Benjamin Mann on Anthropic and AGI
Guest: Benjamin Mann, co-founder of Anthropic; tech lead for product engineering
Host: Lenny Rachitsky (Lenny’s Podcast)
Date: 2025
Source: raw/lenny/Benjamin Mann.txt
Overview
Benjamin Mann was one of the architects of GPT-3 at OpenAI before co-founding Anthropic with the core of OpenAI’s safety teams. This episode covers why Anthropic was founded, how Constitutional AI works, the ASL (AI Safety Level) framework, Ben’s AGI timeline, and what Anthropic’s product team (the Labs/Frontiers team — Claude Code, MCP) was built to do.
Key ideas
- Constitutional AI makes safety and capability convex, not competing. Claude’s personality is a direct product of alignment research — not bolted on. The character that made Opus 3 beloved was an output of RLHF/RLAIF research on helpfulness, honesty, and harmlessness. See Constitutional AI.
- The Economic Turing Test as the AGI measure. AGI is a loaded term; Ben prefers “transformative AI” measured by the Economic Turing Test: can an AI agent pass as a human contractor for 50% of money-weighted jobs? See Economic Turing Test.
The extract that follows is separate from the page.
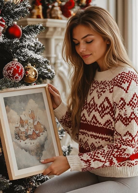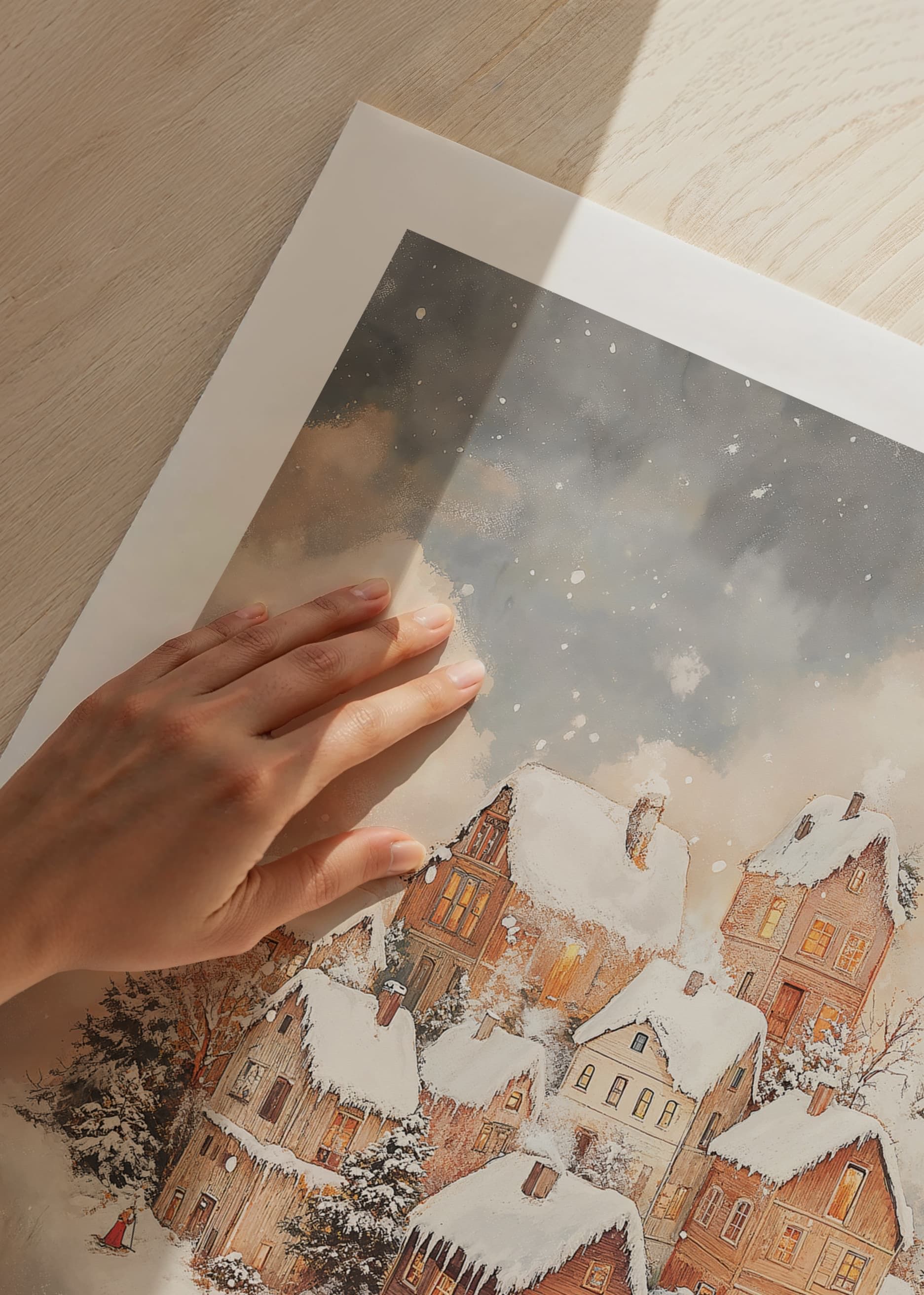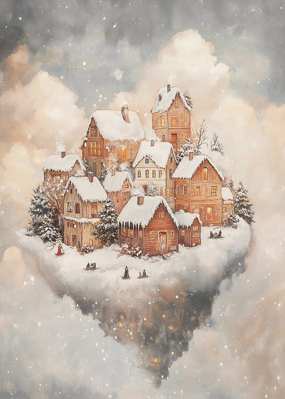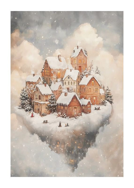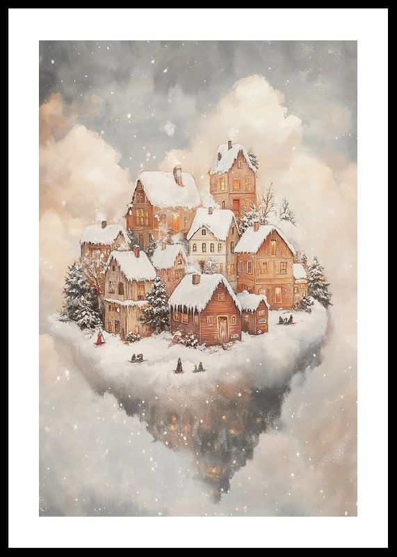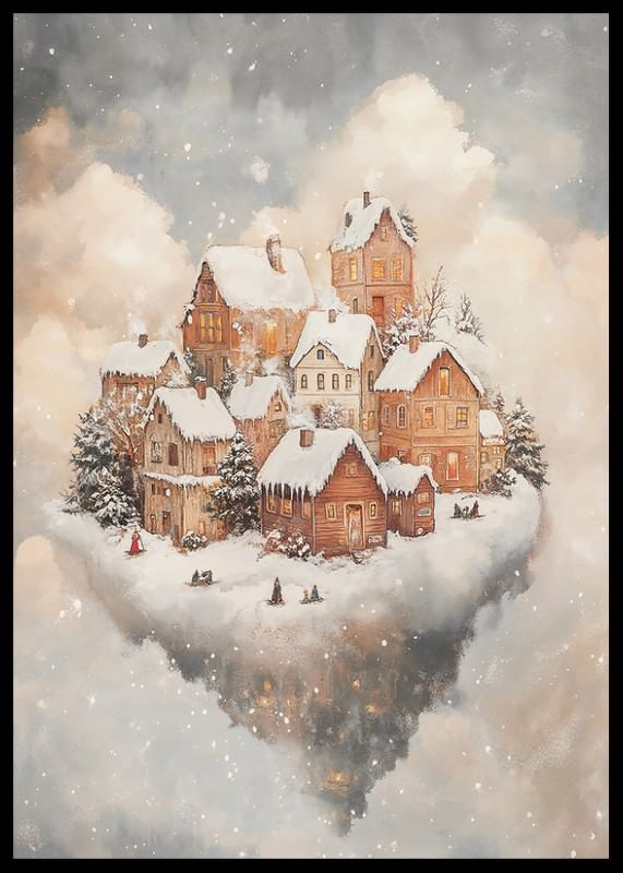Ett kluster av små trähus med snötäckta tak svävar högt bland mjuka moln. Varma ljus lyser inifrån fönstren och granar står kring byggnaderna, medan snöflingor sakta faller mot marken. Denna poster skapar en vintrig stämning och passar fint i barnrum eller vid säsongsbetonad inredning.

- 50th percentile superintelligence: ~2028. Based on the AI 2027 superforecaster report. Scaling laws are continuing and accelerating — releases that were annual are now quarterly; the time-dilation effect makes this look like slowdown.
- AI Safety Levels (ASL) as Anthropic’s risk framework. ASL-3: current; modest risk of harm from misuse. ASL-4: potential for significant loss of human life if misused. ASL-5: potential extinction-level if misaligned. See AI Safety Levels.
- X-risk estimate: 0–10%. Not trivial given stakes. The world is most likely in the “pivotal middle” — neither the optimistic (alignment solves itself) nor the pessimistic (alignment is impossible) world. Human effort on alignment matters on the margin.
Why Anthropic was founded
Ben was part of the GPT-2/3 team at OpenAI. The trigger for founding Anthropic: “when push came to shove, we felt like safety wasn’t the top priority there.” OpenAI explicitly maintained a three-way tension between safety, research, and startup tribes. Anthropic was founded by the leads of all the safety teams at OpenAI, with the intent to be at the frontier while prioritising safety first.
Notably: at founding, alignment techniques like safety through debate weren’t working (models weren’t capable enough). They built Anthropic on a bet that those techniques would eventually work — and they did.
Scaling laws — no slowdown
The “scaling laws are slowing down” narrative reappears every six months and has never been true. Ben’s reframe:
- Rate of releases accelerated — once a year to once a quarter, driven by post-training improvements (RLHF, RL scaling).
- Benchmark saturation ≠ capability plateau — benchmarks get saturated in 6–12 months; the constraint is benchmark quality, not model capability.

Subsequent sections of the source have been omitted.